- Born: c. 380
- Died: c. 420s
- Notable work: Correspondent of Paulinus of Nola

= Galla (wife of Eucherius) =

Late Roman female letter writer and ascetic

Galla (c. 380 – c. 420s) was a late Roman woman who was a correspondent of Paulinus of Nola, and the wife of Eucherius of Lyon.

== Biography ==
Whilst little is known about the life of Galla, she is a significant late Roman woman since Paulinus of Nola addressed Epistola 51 to her and her husband, making her one of the few late Roman women known by name. This letter is also one of the last known to be written by Paulinus.

Galla was married to Eucherius, who became bishop of Lyon in 434. They had two sons: Veranus and Salonius, who were born c. 400. According to some sources, they also had two daughters, Consortia and Tullia.

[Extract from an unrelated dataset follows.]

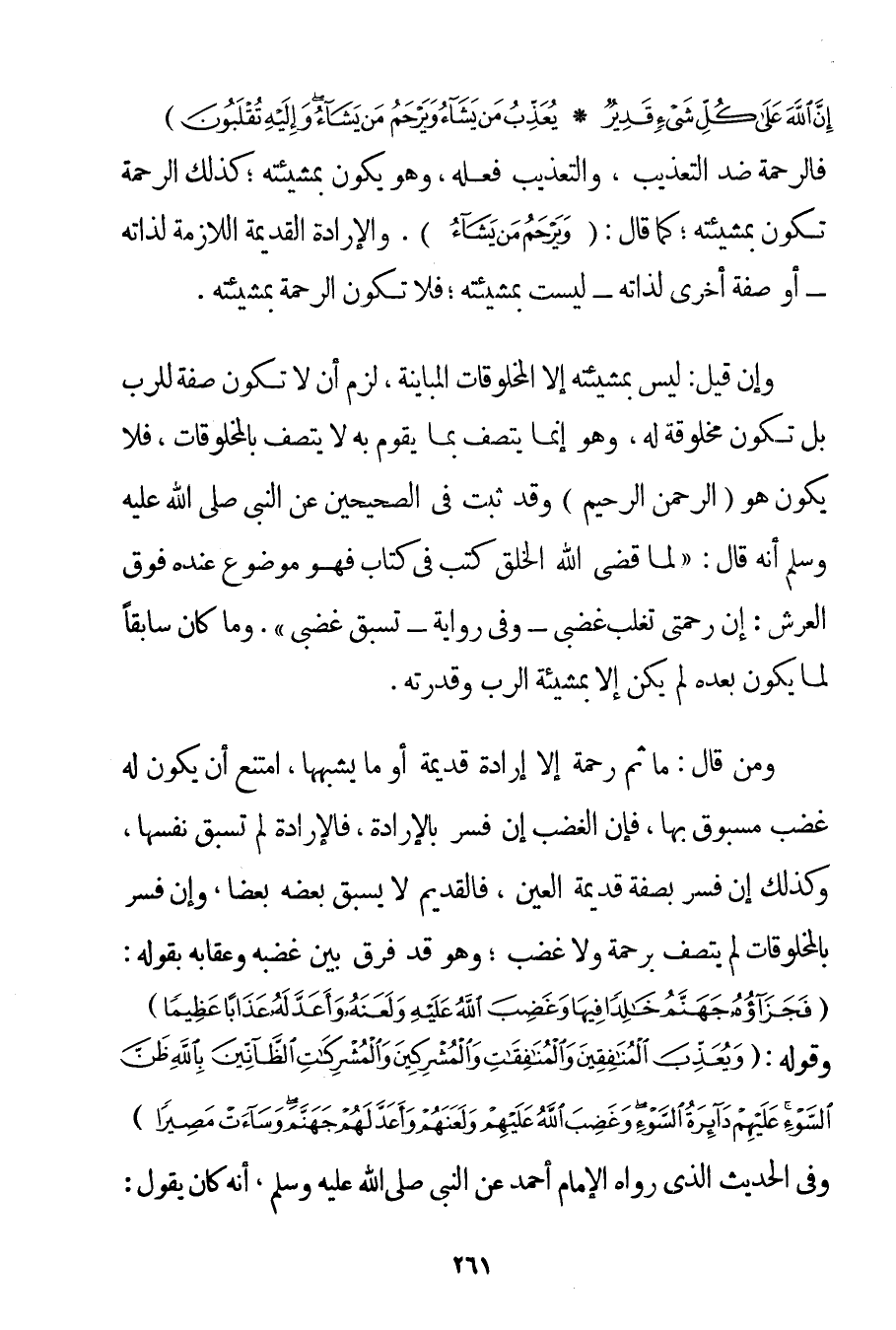 إنَّ اللَّهَ عَلَى كُلِّ شَيْءٍ قَدِيرٌ} {يُعَذِّبُ مَنْ يَشَاءُ وَيَرْحَمُ مَنْ يَشَاءُ وَإِلَيْهِ تُقْلَبُونَ} فَالرَّحْمَةُ ضِدُّ التَّعْذِيبِ وَالتَّعْذِيبُ فِعْلُهُ وَهُوَ يَكُونُ بِمَشِيئَتِهِ؛ كَذَلِكَ الرَّحْمَةُ تَكُونُ بِمَشِيئَتِهِ؛ كَمَا قَالَ: {وَيَرْحَمُ مَنْ يَشَاءُ} . وَالْإِرَادَةُ الْقَدِيمَةُ اللَّازِمَةُ لِذَاتِهِ - أَوْ صِفَةٌ أُخْرَى لِذَاتِهِ - لَيْسَتْ بِمَشِيئَتِهِ؛ فَلَا تَكُونُ الرَّحْمَةُ بِمَشِيئَتِهِ. وَإِنْ قِيلَ: لَيْسَ بِمَشِيئَتِهِ إلَّا الْمَخْلُوقَاتُ الْمُبَايِنَةُ لَزِمَ أَنْ لَا تَكُونَ صِفَةً لِلرَّبِّ بَلْ تَكُونُ مَخْلُوقَةً لَهُ وَهُوَ إنَّمَا يَتَّصِفُ بِمَا يَقُومُ بِهِ لَا يَتَّصِفُ بِالْمَخْلُوقَاتِ فَلَا يَكُونُ هُوَ الرَّحْمَنُ الرَّحِيمُ وَقَدْ ثَبَتَ فِي الصَّحِيحَيْنِ عَنْ النَّبِيِّ صَلَّى اللَّهُ عَلَيْهِ وَسَلَّمَ أَنَّهُ قَالَ: " {لَمَّا قَضَى اللَّهُ الْخَلْقَ كَتَبَ فِي كِتَابٍ فَهُوَ مَوْضُوعٌ عِنْدَهُ فَوْقَ الْعَرْشِ: إنَّ رَحْمَتِي تَغْلِبُ غَضَبِي} - وَفِي رِوَايَةٍ - تَسْبِقُ غَضَبِي ". وَمَا كَانَ سَابِقًا لِمَا يَكُونُ بَعْدَهُ لَمْ يَكُنْ إلَّا بِمَشِيئَةِ الرَّبِّ وَقُدْرَتِهِ. وَمَنْ قَالَ: مَا ثَمَّ رَحْمَةٌ إلَّا إرَادَةٌ قَدِيمَةٌ أَوْ مَا يُشْبِهُهَا امْتَنَعَ أَنْ يَكُونَ لَهُ غَضَبٌ مَسْبُوقٌ بِهَا فَإِنَّ الْغَضَبَ إنْ فُسِّرَ بِالْإِرَادَةِ فَالْإِرَادَةُ لَمْ تَسْبِقْ نَفْسَهَا وَكَذَلِكَ إنْ فُسِّرَ بِصِفَةِ قَدِيمَةِ الْعَيْنِ فَالْقَدِيمُ لَا يَسْبِقُ بَعْضُهُ بَعْضًا وَإِنْ فُسِّرَ بِالْمَخْلُوقَاتِ لَمْ يَتَّصِفْ بِرَحْمَةِ وَلَا غَضَبٍ؛ وَهُوَ قَدْ فَرَّقَ بَيْنَ غَضَبِهِ وَعِقَابِهِ بِقَوْلِهِ: {فَجَزَاؤُهُ جَهَنَّمُ خَالِدًا فِيهَا وَغَضِبَ اللَّهُ عَلَيْهِ وَلَعَنَهُ وَأَعَدَّ لَهُ عَذَابًا عَظِيمًا} وَقَوْلُهُ: {وَيُعَذِّبَ الْمُنَافِقِينَ وَالْمُنَافِقَاتِ وَالْمُشْرِكِينَ وَالْمُشْرِكَاتِ الظَّانِّينَ بِاللَّهِ ظَنَّ السَّوْءِ عَلَيْهِمْ دَائِرَةُ السَّوْءِ وَغَضِبَ اللَّهُ عَلَيْهِمْ وَلَعَنَهُمْ وَأَعَدَّ لَهُمْ جَهَنَّمَ وَسَاءَتْ مَصِيرًا} وَفِي الْحَدِيثِ الَّذِي رَوَاهُ الْإِمَامُ أَحْمَد عَنْ النَّبِيِّ صَلَّى اللَّهُ عَلَيْهِ وَسَلَّمَ أَنَّهُ كَانَ يَقُولُ:

Galla's date of birth is unknown, but it could have been c. 380.

After their sons were born, Eucherius suggested that they alter their way of life to become more holy, leading the family to become religious ascetics together. Galla and Eucherius' marriage evolved to run on ascetic principles, like other 'marriages of friendship' undertaken by other religious figures such as Paulinus and Therasia of Nola. The Vita Sanctae Consortiae tells us that their religious conversion involved intense isolation.

In the 420s monks from Lérins visited Paulinus and told him how Eucherius, Galla and their sons were living an ascetic and secluded life in the monastery there. Both sons were later sent to visit Paulinus of Nola. The family practised "unwealth" - where life was restricted to the minimum in order to support prayer and devotion.

After the death of Galla, Eucherius retired to Lerins. Since Epistola 51 was written in either 421 to 426, we can assume Galla died some time after then in the 420s.